Is the difference here between a better forecaster and an Oracle? The Oracle would be defined as someone who isn't refining the odds calculation but actually saying what will happen. If you know for certain the 1% risk you home won't burn down next year is actually 0%, you can cancel the fire insurance you have even if it only costs you $1.
Oracles are different from refining probability estimates in the sense that they are probably near supernatural. If they are just better oddsmakers, well maybe no big deal? An oracle knows the outcome of the coin flip, she doesn't actually change the 50-50 odds of it. If oracles are possible, then they are not simply probability but something else.

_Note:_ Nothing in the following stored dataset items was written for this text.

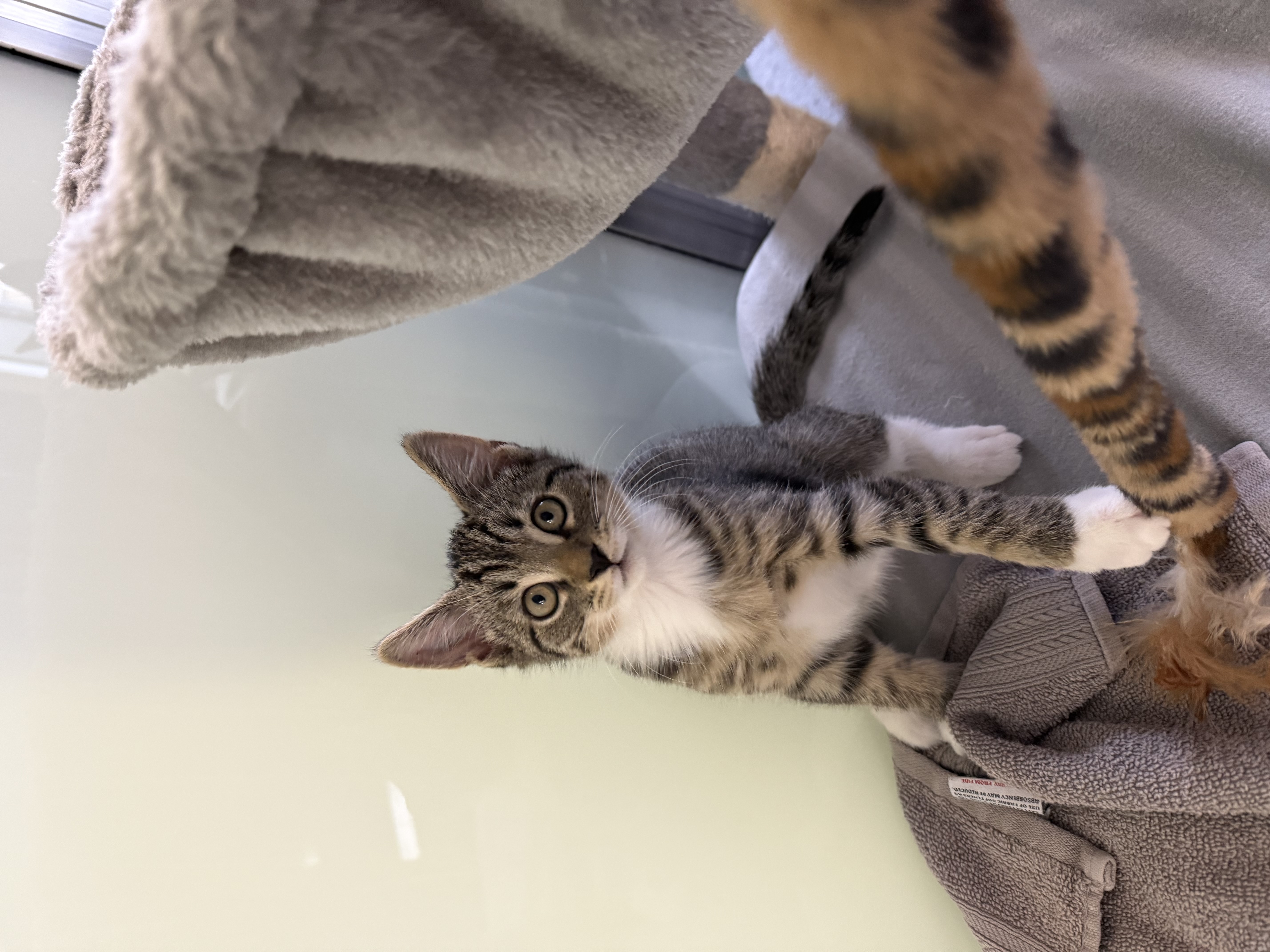 He is full of energy and loves to chase, pounce and stalk his knitted mice and string toy.
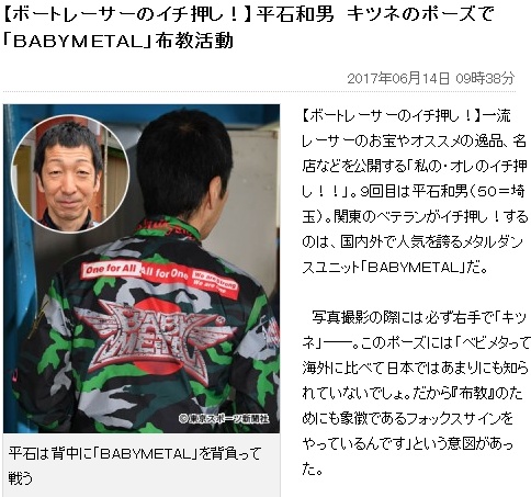 BABYMETAL「ボートレーサーの平石和男 キツネのポーズでベビメタ布教」
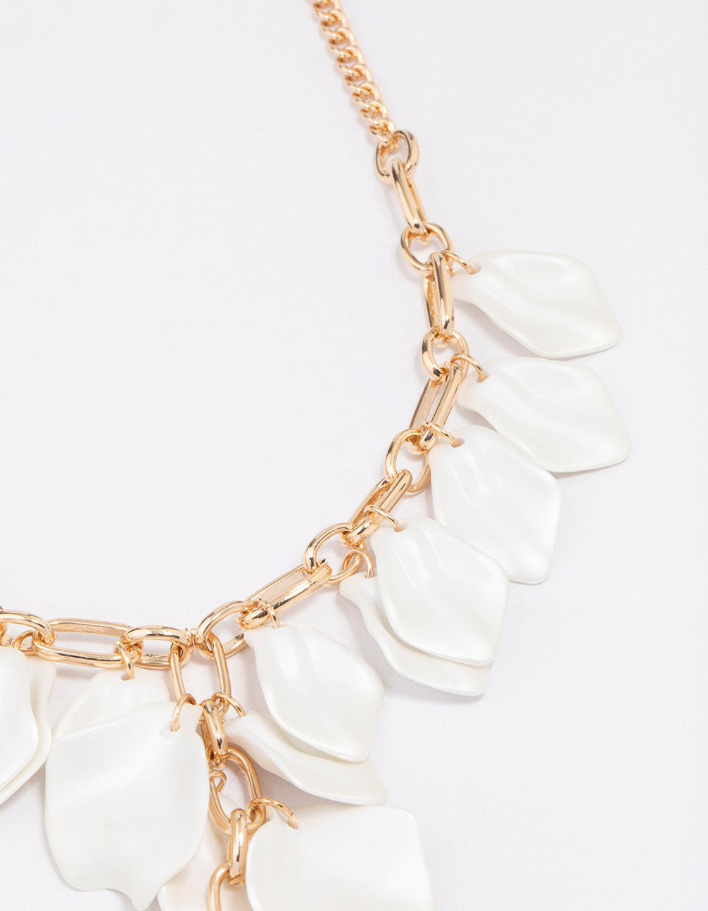 Elevate your evening look with this stunning, gold-toned statement necklace. This necklace features a collection of iridescent flower petals, perfect for adding a delicate touch to your look.
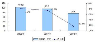 圖1 2006-2008年中國(guó)DVD播放機(jī)銷售額規(guī)模與增長(zhǎng)

"To be fair, prediction markets are something of a different beast, but still nevertheless closely aligned with the discipline of superforecasting."
Well to be fair prediction markets seem perhaps a bit too open to Black Swans. At this moment, 2025 has a 3% chance Jesus Christ will come back according to at least one such market (https://polymarket.com/event/will-jesus-christ-return-in-2025). I personally think Jordan Peterson, after his latest 'debate' stunt, has a 15% chance of declaring himself Christ in 2025 so I'm going to have to think about how I can hedge these two against each other.
But here's an idea:
Let's take some AI's and have them back trade prediction markets. By that I mean have them pretend to buy and sell contracts using only information that was available at past periods of time. This process can be repeated over and over again even though we have a finite amount of information and a finite amount of past. Still the idea would be to build wickedly good AI driven predictors. Note you don't need historical prediction market prices. You can have AI's trade against each other over the outcome of, say, the Civil War by just reading old newspaper accounts each day.

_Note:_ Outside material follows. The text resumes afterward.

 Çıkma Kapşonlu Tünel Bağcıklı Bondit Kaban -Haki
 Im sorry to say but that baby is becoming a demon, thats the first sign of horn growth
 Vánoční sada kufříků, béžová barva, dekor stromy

Now here's the Black Swan angle. Once the agents get very good, let them essentially keep a trader's diary. The purpose is to articulate what is behind their strategy.
Here's what we'd be looking for. Agents that short the stock market before 9/11 because they are picking up patterns of over brought stocks would be the first type of superforecaster you are concerned about. Those that are just really good at refining predictions based on 'normal data' when it is probably the Black Swans that are more important. But suppose you got an AI that, say, shorts the market before 9/11 because it has a hunch something like major is going to happen. Remember these trades happen in a 'holodeck' where the AIs are only allowed to process information that was available from time periods in the past. If you had an AI that picked up on big bad things like 9/11, Trump's election, or the release of Rise of Skywalker from backdated information, you'd have something interesting if it could do it consistently.

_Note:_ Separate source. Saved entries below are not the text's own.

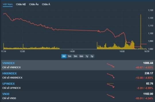 벤치마크 VN지수는 전 거래일에 비해 45.67p(4.03%) 급락한 1,086.44p로 장을 마쳤고 36개 종목이 상승, 326개 종목이 하락했다.
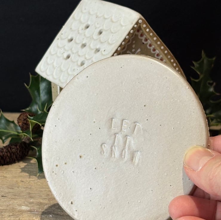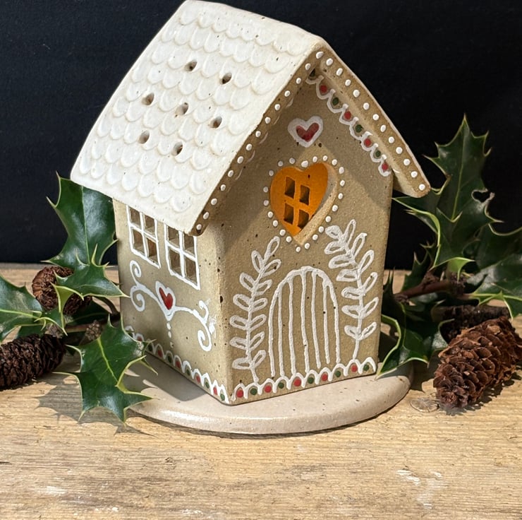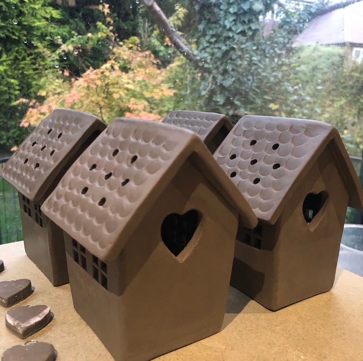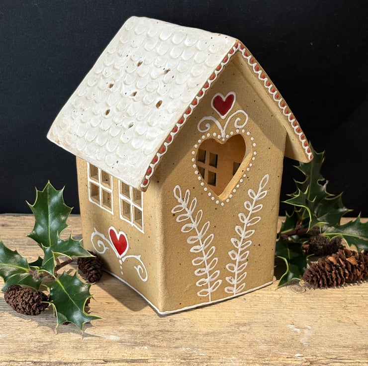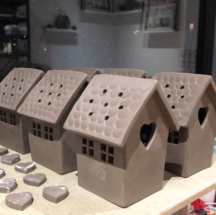 Made from stoneware clay and decorated with a textured roof with drilled holes and cut out window shapes. The front and back of the house has a cut out heart shapes - all let the flicker and glow of a tea-light shine through.
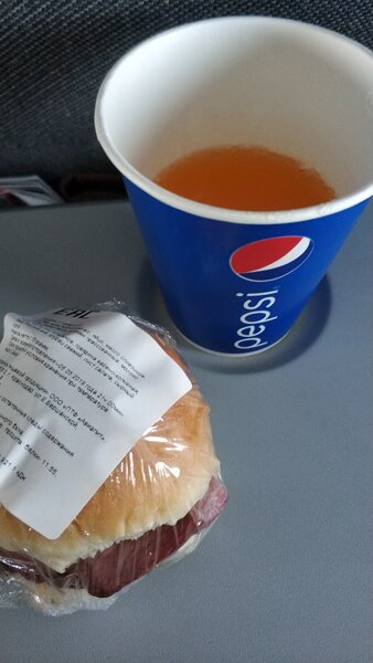 По качеству сэндвич был неплохим: свежие булочки, огурец, сыр, салат и полусолёная курица. Дочка сказала, что вкусно. Но размер… Он был примерно в два раза меньше, чем сэндвичи, которые предлагают «Уральские авиалинии» или «Аэрофлот».

If we did this a lot, like a few billion times at least, we will have AIs that predict Black Swans correctly for the simple reason out of billions you'll have a few that will predict a 9/11 for literally every day that happens so just like a lucky managed mutual fund, some will seem to predict things they shouldn't be able to predict. The question is can we reliably find an oracle, an AI that has found a system that predicts known Black Swans more reliably than the laws of chance would admit? If we do I'd say that would raise even more profound questions than the risks of over trusting superforecasters.